The cycle graphs and path graphs are easily related, as far as winning vs. losing positions. Upon making the initial move in a cycle $C_n$ graph, it becomes equivalent for the opposing player to moving in a path $P_{n+1}$ where the first and last nodes are already numbered $0$ (and the $n-1$ nodes between are still unnumbered).

Indeed it is subsequently more efficient to represent the intermediate graph game states as a "union" of path subgraphs whose unnumbered nodes are disjoint. It is convenient to consider artificially adding nodes numbered $-1$ to the ends of otherwise unnumbered path graphs, so that every unnumbered node has exactly two neighbors, and this does not affect the outcomes of games.

That is, an initial path graph $P_k$ is equivalent to a path graph $P_{k+2}$ with first and last nodes numbered $-1$. The next move would number one of the $k$ unnumbered nodes, effectively dividing the game's graph into two paths, each with a zero at one end and a $-1$ at the other, or leaving a single stretch $P_{k+1}$ with a zero at one end and a $-1$ at the other.

In this fashion any intermediate game state for a cycle $C_n$ or path $P_n$ can be represented as a sorted collection of "components" that partition the unnumbered nodes in arrangements compactly specified by $p(a,b,k)$, where $a \ge b$ are numbers of the two endpoints of a path that otherwise consists of $k \gt 0$ unnumbered nodes between those endpoints.


Using these more compact "path" segments to represent the "board" (partially numbered graphs), symmetries/equivalences can be more efficiently recognized. Runs with fifteen unnumbered nodes now take about several minutes rather than the better part of a day.
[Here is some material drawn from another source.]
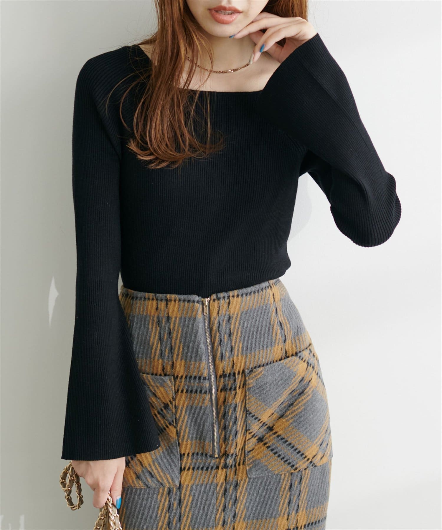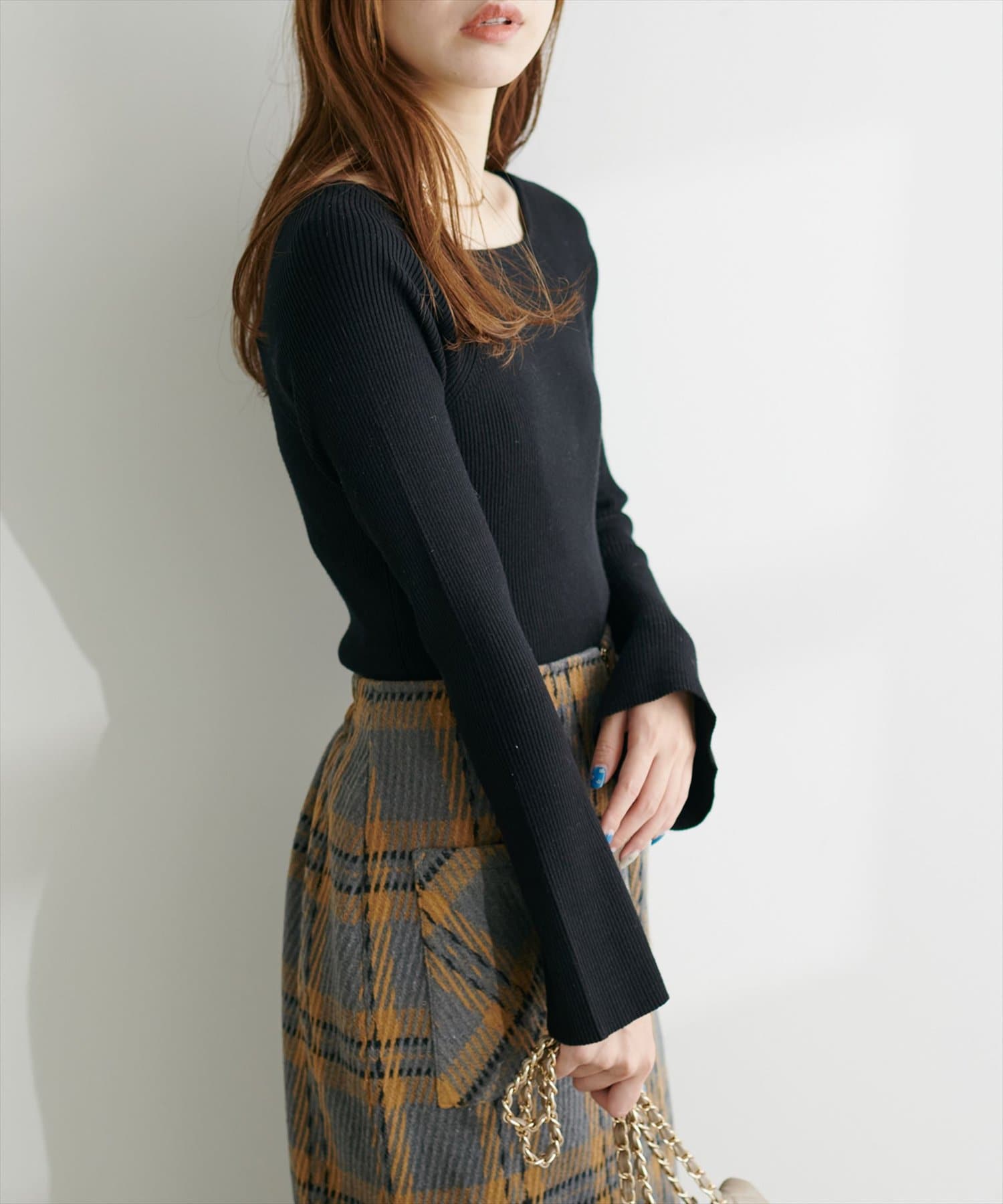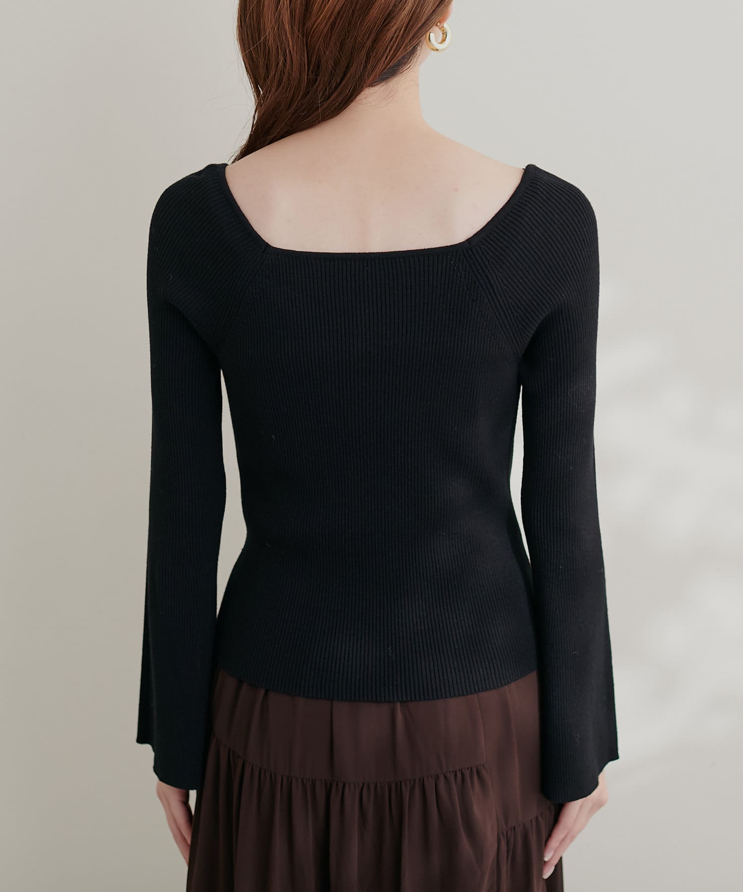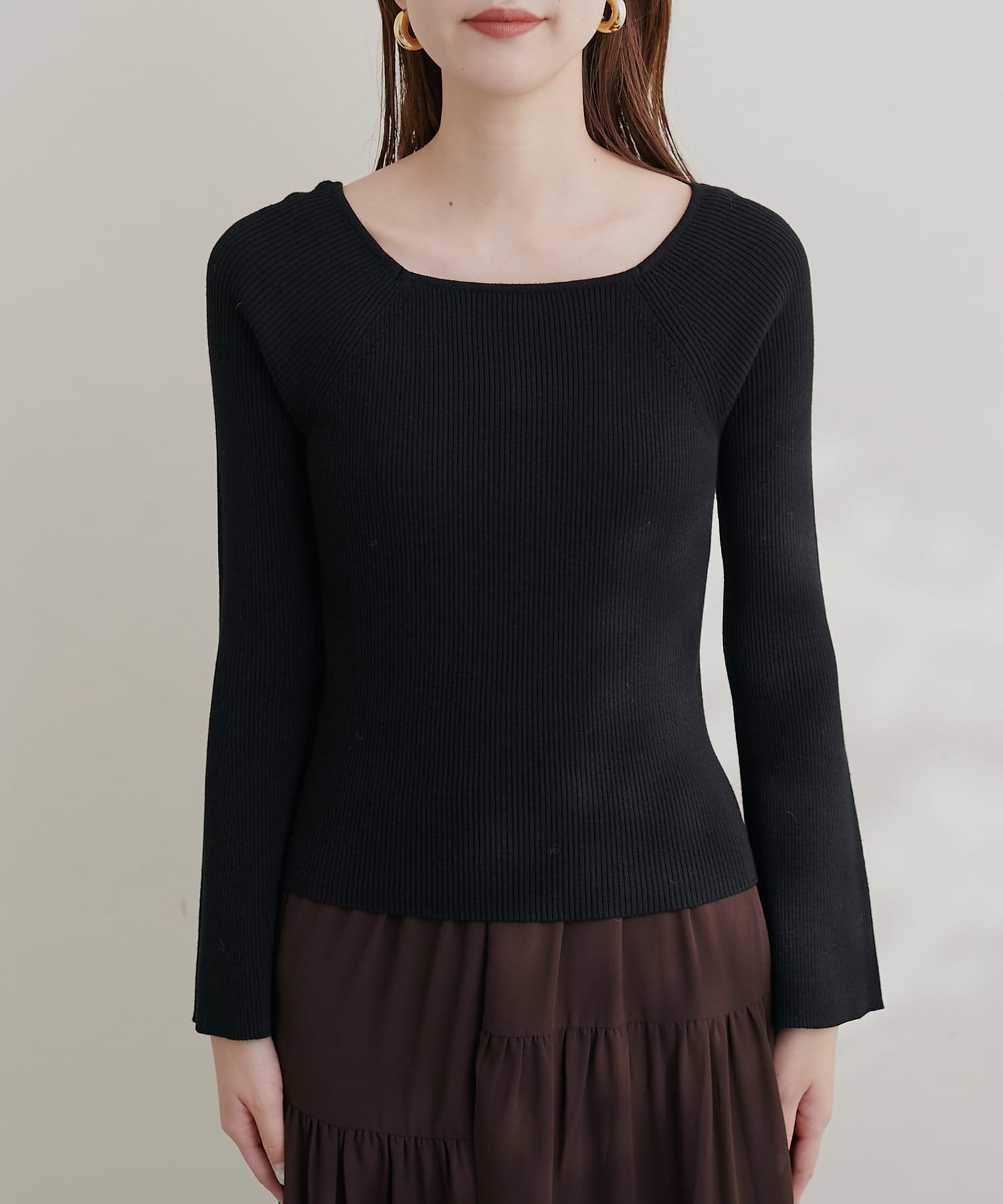 シンプルなスクエアネックのニットですが、袖口にかけてフレアになっているシルエットがポイント。

A striking pattern emerges. The table below shows the winning or losing status of a single path segment path(A,C,K), having K yet unnumbered nodes between endpoints numbered A and C respectively:

(A,C)\K =  1 |  2 |  3 |  4 |  5 |  6 |  7 |  8 |  9 |...even | odd |
(-1,-1) :  L :  L :  W :  L :  L :  L :  L :  W :  L :...  W  |  L  |
( 0,-1) :  W :  W :  W :  W :  W :  W :  L :  W :  L :...  W  |  L  |
( 0, 0) :  W :  W :  W :  W :  W :  W :  W :  W :  L :...  W  |  L  |
( 1,-1) :  L :  W :  L :  W :  W :  W :  L :  W :  L :...  W  |  L  |
( 1, 0) :  L :  W :  W :  W :  W :  W :  W :  W :  L :...  W  |  L  |
( 1, 1) :  L :  L :  L :  W :  L :  W :  W :  W :  L :...  W  |  L  |
( 2,-1) :  W :  W :  W :  W :  W :  W :  L :  W :  L :...  W  |  L  |
( 2, 0) :  W :  W :  W :  W :  W :  W :  W :  W :  L :...  W  |  L  |
( 2, 1) :  W :  W :  L :  W :  W :  W :  W :  W :  L :...  W  |  L  |
( 2, 2) :  W :  W :  W :  L :  W :  W :  W :  W :  L :...  W  |  L  |

While columns for $k=1,\ldots,7$ contain a good bit of variation, longer paths seem to be exclusively winning for $k$ even and losing for $k$ odd, regardless of the endpoints. Computations have been done for all the endpoints shown up to $k=15$, and for "default" endpoints $a=c=-1$ with $k=16,17$ as well.

Some general results

Intuitively there should be some Nim-like rule for determining the winning or losing status of such collections of paths with numbered endpoints. So far I have only been able to prove the following easy lemma.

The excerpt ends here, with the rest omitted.